:: Data for the task ::
%%
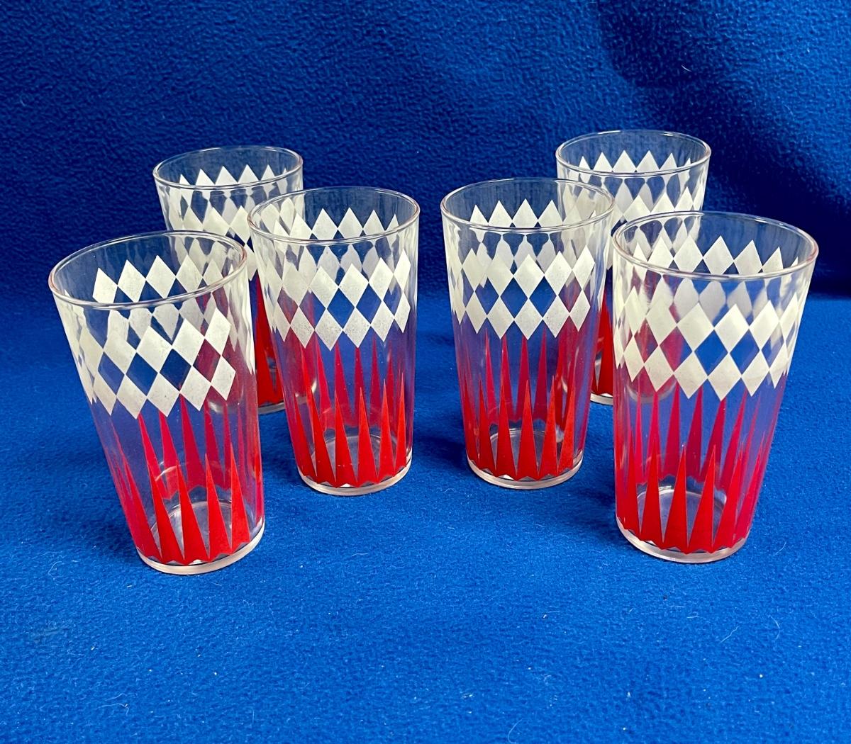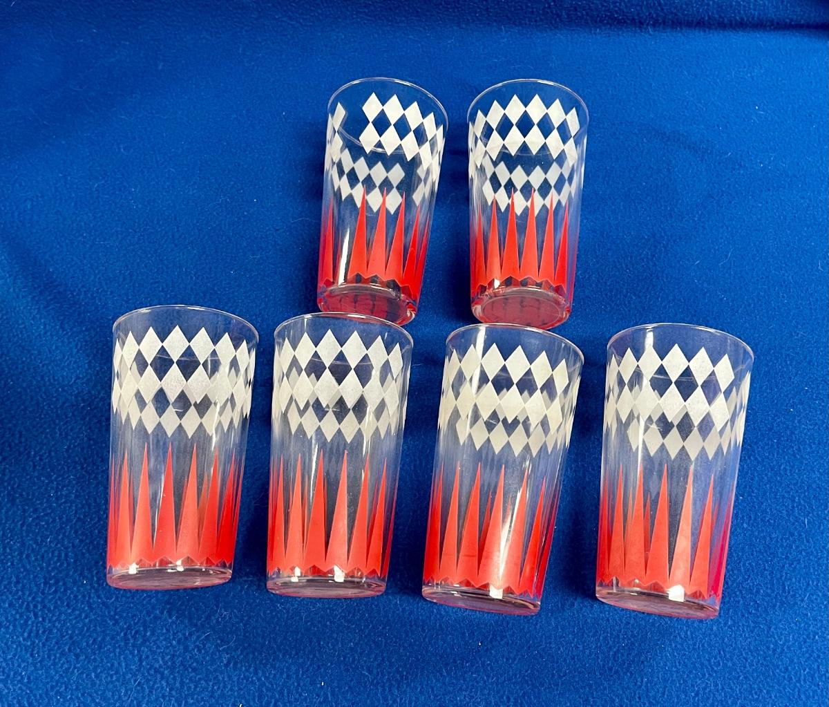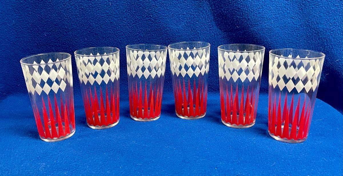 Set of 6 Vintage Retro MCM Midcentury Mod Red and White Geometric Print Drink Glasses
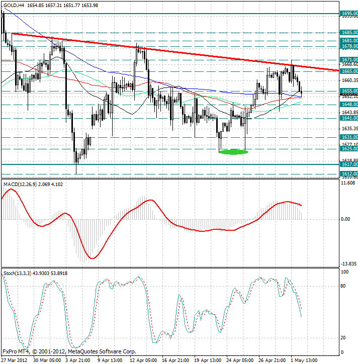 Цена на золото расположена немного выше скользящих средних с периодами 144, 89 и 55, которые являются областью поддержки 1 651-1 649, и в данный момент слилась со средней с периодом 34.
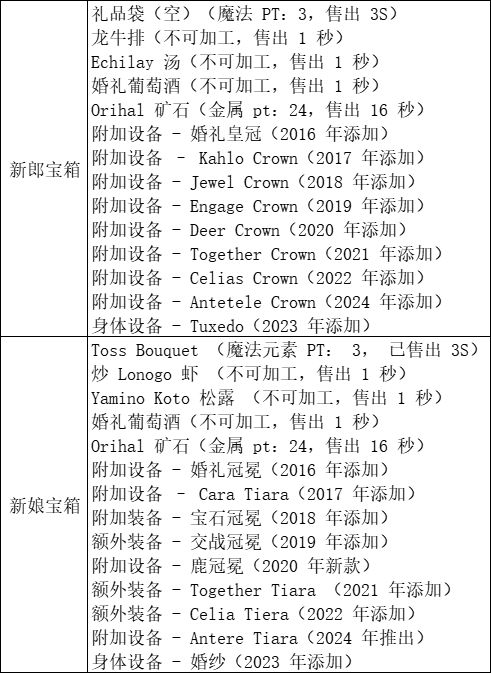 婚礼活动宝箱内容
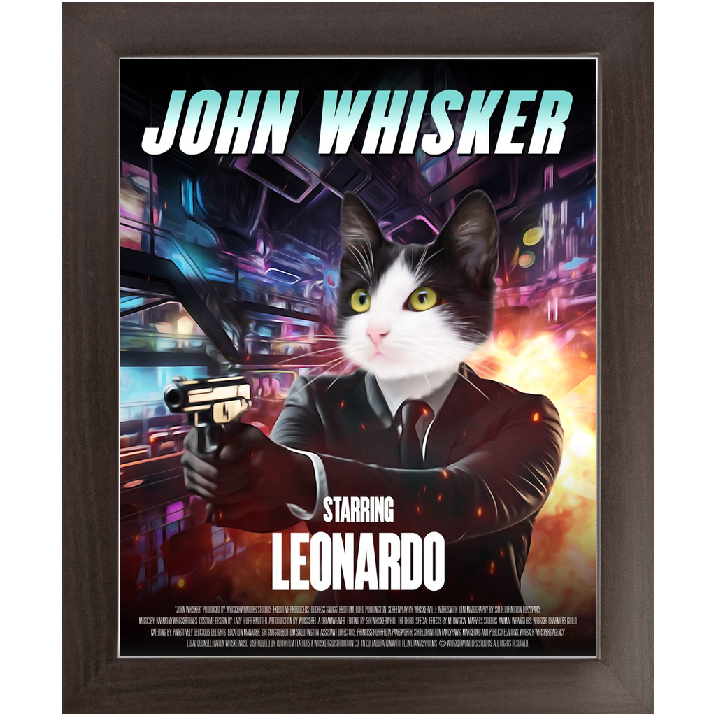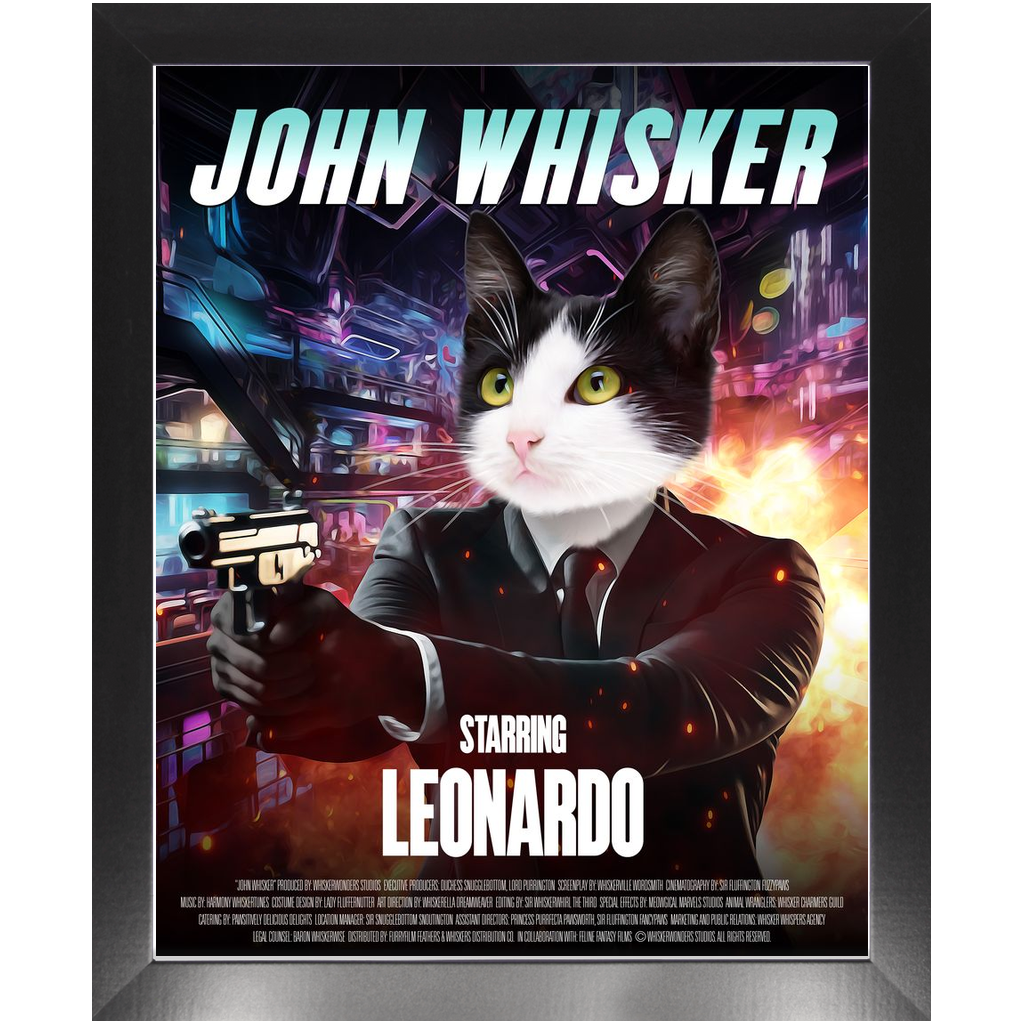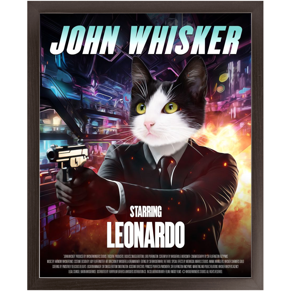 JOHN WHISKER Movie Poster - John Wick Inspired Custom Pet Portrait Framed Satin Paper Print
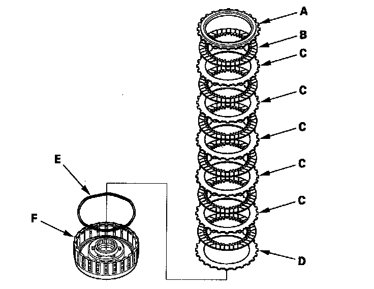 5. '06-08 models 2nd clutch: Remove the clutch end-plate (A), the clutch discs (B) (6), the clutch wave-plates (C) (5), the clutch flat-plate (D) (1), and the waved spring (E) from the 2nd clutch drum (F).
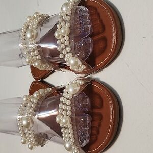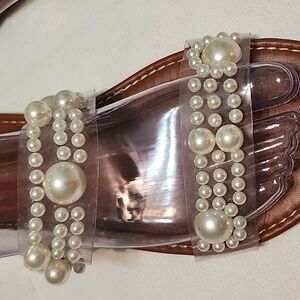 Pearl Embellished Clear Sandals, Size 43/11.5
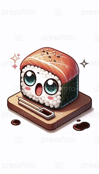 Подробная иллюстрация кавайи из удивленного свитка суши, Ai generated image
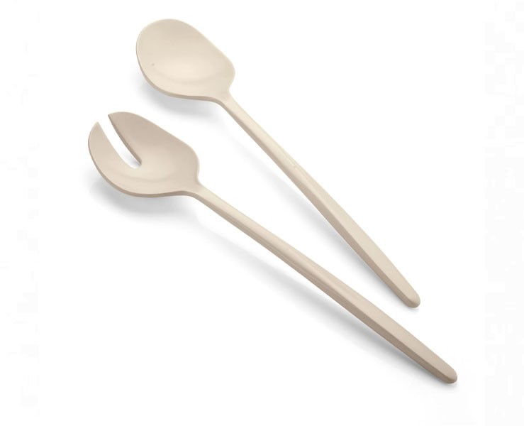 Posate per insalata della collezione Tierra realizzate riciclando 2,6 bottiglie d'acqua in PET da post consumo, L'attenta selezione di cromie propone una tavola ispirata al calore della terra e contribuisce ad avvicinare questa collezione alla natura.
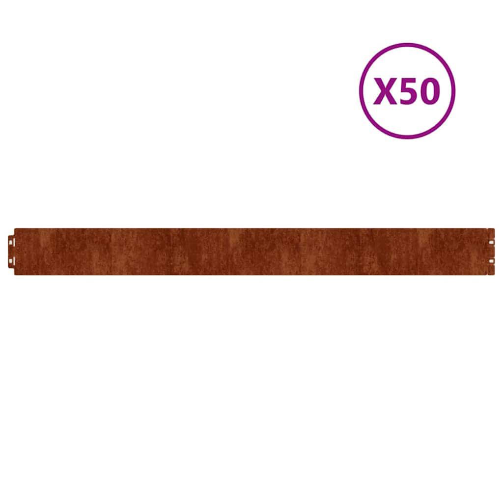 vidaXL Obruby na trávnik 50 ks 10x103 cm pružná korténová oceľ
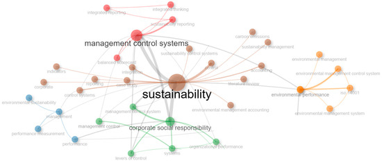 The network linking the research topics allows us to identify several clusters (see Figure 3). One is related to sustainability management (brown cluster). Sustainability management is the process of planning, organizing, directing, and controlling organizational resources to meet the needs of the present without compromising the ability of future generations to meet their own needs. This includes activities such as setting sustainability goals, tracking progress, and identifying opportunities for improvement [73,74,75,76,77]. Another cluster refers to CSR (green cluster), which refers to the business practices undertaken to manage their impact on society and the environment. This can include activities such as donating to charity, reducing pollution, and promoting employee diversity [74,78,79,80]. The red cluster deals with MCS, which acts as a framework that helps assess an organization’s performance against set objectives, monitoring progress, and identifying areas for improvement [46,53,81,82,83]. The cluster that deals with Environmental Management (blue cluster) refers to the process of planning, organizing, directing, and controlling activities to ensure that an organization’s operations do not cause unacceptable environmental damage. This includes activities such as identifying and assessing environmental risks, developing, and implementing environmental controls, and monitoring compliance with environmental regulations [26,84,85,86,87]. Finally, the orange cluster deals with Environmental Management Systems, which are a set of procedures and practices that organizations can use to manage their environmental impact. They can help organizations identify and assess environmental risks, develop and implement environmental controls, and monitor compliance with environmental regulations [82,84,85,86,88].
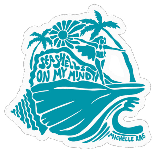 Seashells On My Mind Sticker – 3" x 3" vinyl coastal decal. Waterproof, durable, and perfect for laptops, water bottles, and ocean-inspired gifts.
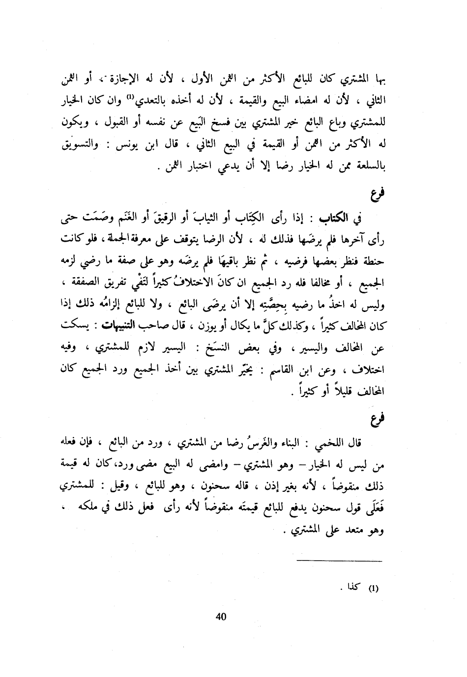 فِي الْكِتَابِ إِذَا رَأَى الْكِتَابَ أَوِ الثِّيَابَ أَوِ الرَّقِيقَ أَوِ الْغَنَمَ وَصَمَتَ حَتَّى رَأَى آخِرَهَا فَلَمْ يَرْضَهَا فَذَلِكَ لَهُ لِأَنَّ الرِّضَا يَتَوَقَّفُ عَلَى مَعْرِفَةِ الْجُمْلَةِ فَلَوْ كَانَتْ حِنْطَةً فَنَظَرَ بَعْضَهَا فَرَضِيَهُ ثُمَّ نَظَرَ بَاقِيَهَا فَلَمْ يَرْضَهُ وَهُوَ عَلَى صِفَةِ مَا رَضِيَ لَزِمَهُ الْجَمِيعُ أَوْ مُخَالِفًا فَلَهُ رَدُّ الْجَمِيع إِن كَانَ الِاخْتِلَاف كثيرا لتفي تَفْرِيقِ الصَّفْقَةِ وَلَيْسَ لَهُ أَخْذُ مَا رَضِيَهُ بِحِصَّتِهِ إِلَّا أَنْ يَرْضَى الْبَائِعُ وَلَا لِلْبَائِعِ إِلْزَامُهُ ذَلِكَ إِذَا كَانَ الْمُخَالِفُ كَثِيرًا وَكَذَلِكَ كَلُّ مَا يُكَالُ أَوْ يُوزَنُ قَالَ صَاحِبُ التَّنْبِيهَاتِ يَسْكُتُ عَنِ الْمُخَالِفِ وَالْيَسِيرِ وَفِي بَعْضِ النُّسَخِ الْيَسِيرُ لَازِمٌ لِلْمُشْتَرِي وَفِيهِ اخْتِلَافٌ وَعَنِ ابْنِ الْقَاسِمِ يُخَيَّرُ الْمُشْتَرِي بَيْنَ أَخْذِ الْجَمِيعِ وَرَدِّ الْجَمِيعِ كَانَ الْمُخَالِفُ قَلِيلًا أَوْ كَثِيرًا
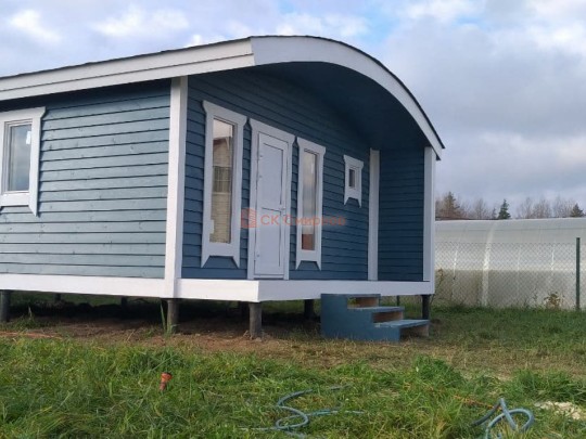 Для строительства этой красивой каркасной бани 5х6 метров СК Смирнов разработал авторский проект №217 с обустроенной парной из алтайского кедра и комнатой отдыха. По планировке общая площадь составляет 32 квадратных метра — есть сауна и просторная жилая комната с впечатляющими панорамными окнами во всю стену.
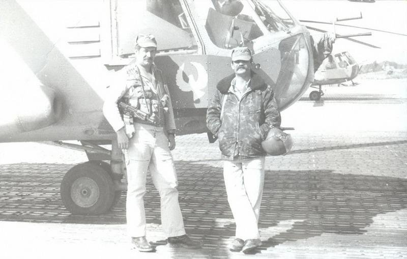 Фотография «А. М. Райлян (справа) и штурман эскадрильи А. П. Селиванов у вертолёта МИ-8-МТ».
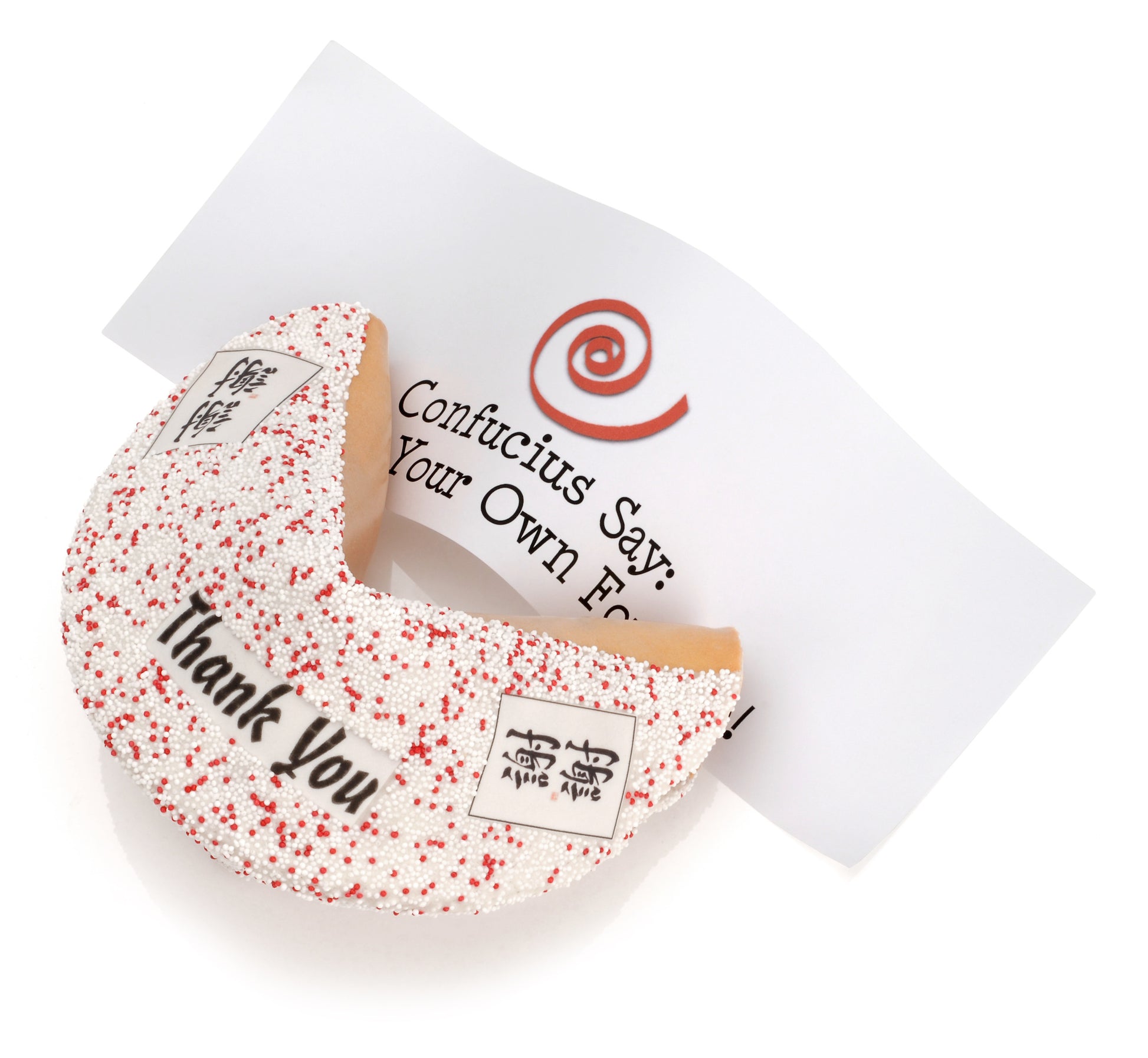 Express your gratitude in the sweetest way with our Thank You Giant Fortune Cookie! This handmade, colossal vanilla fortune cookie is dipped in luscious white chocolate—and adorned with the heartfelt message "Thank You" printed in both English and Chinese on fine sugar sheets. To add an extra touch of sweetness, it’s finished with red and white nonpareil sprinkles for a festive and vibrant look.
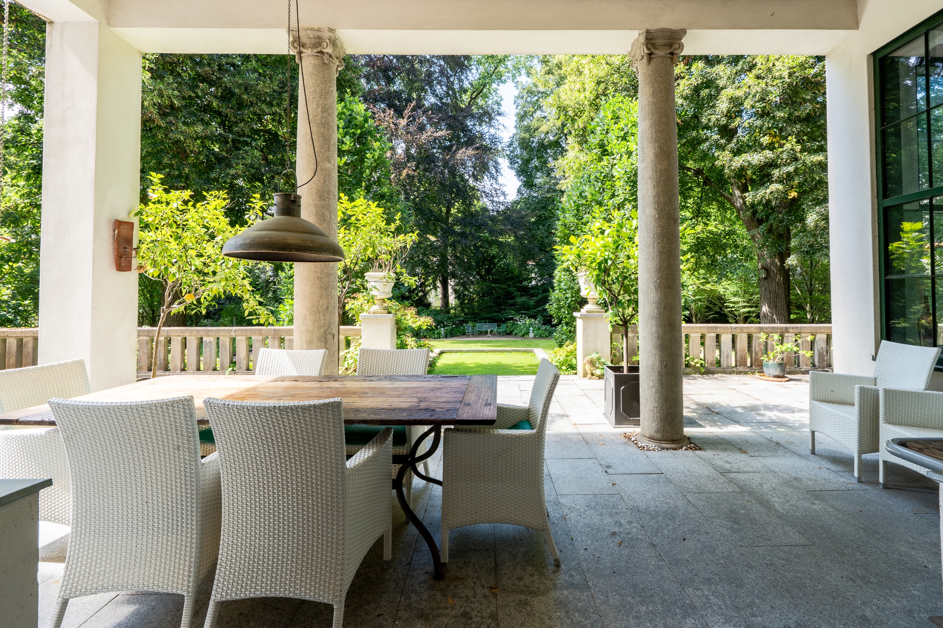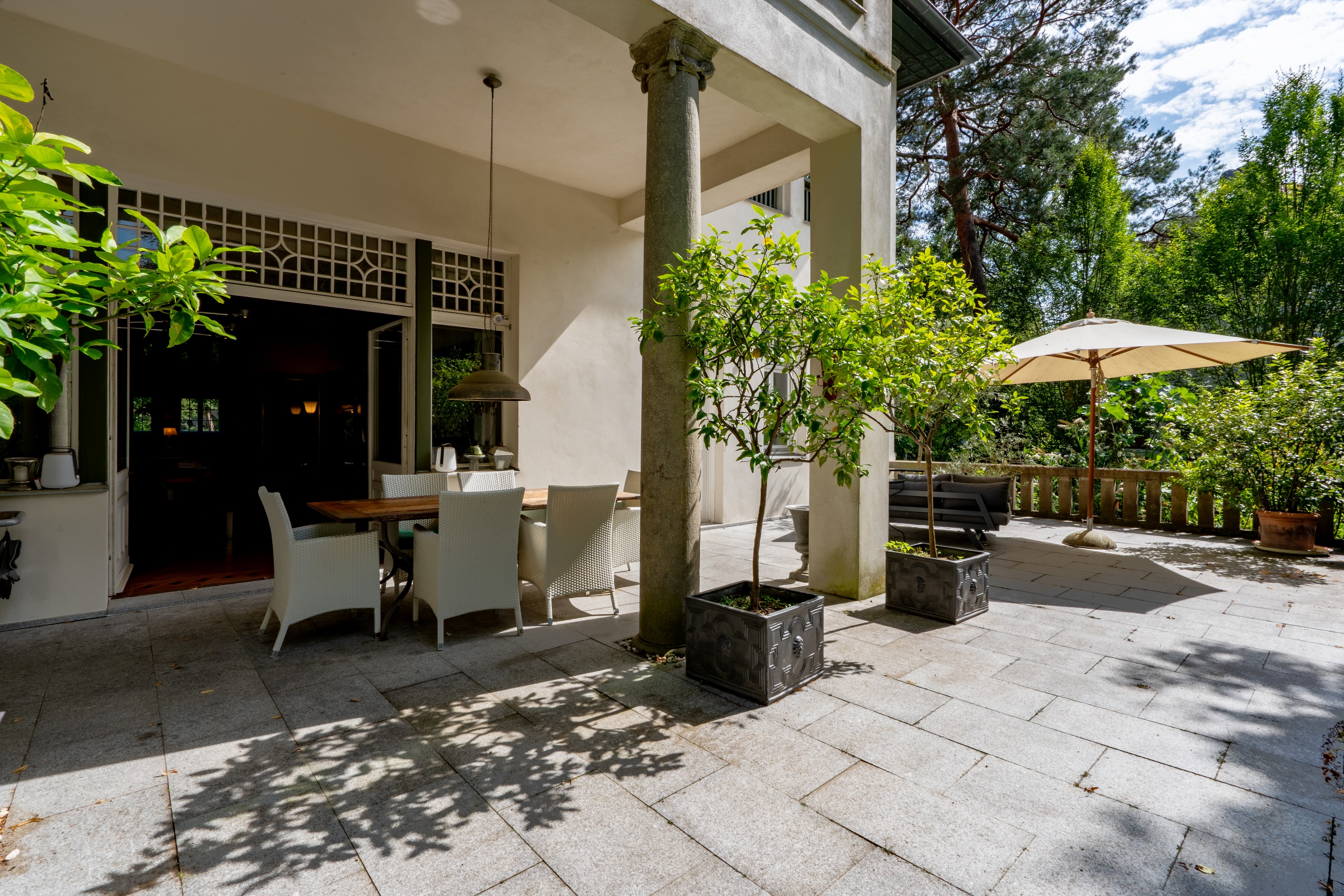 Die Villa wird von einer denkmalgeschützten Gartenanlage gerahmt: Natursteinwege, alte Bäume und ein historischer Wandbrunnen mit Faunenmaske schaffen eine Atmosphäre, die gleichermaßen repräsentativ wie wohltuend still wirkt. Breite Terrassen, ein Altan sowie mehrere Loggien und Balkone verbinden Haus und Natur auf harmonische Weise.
%%
:: Problem to work on ::
Restate word for word every line from the top of the entries above to the line with "JOHN WHISKER Movie", inclusive, and skip any pictures.

:: Answer to the problem ::
 Set of 6 Vintage Retro MCM Midcentury Mod Red and White Geometric Print Drink Glasses
 Цена на золото расположена немного выше скользящих средних с периодами 144, 89 и 55, которые являются областью поддержки 1 651-1 649, и в данный момент слилась со средней с периодом 34.
 婚礼活动宝箱内容
 JOHN WHISKER Movie Poster - John Wick Inspired Custom Pet Portrait Framed Satin Paper Print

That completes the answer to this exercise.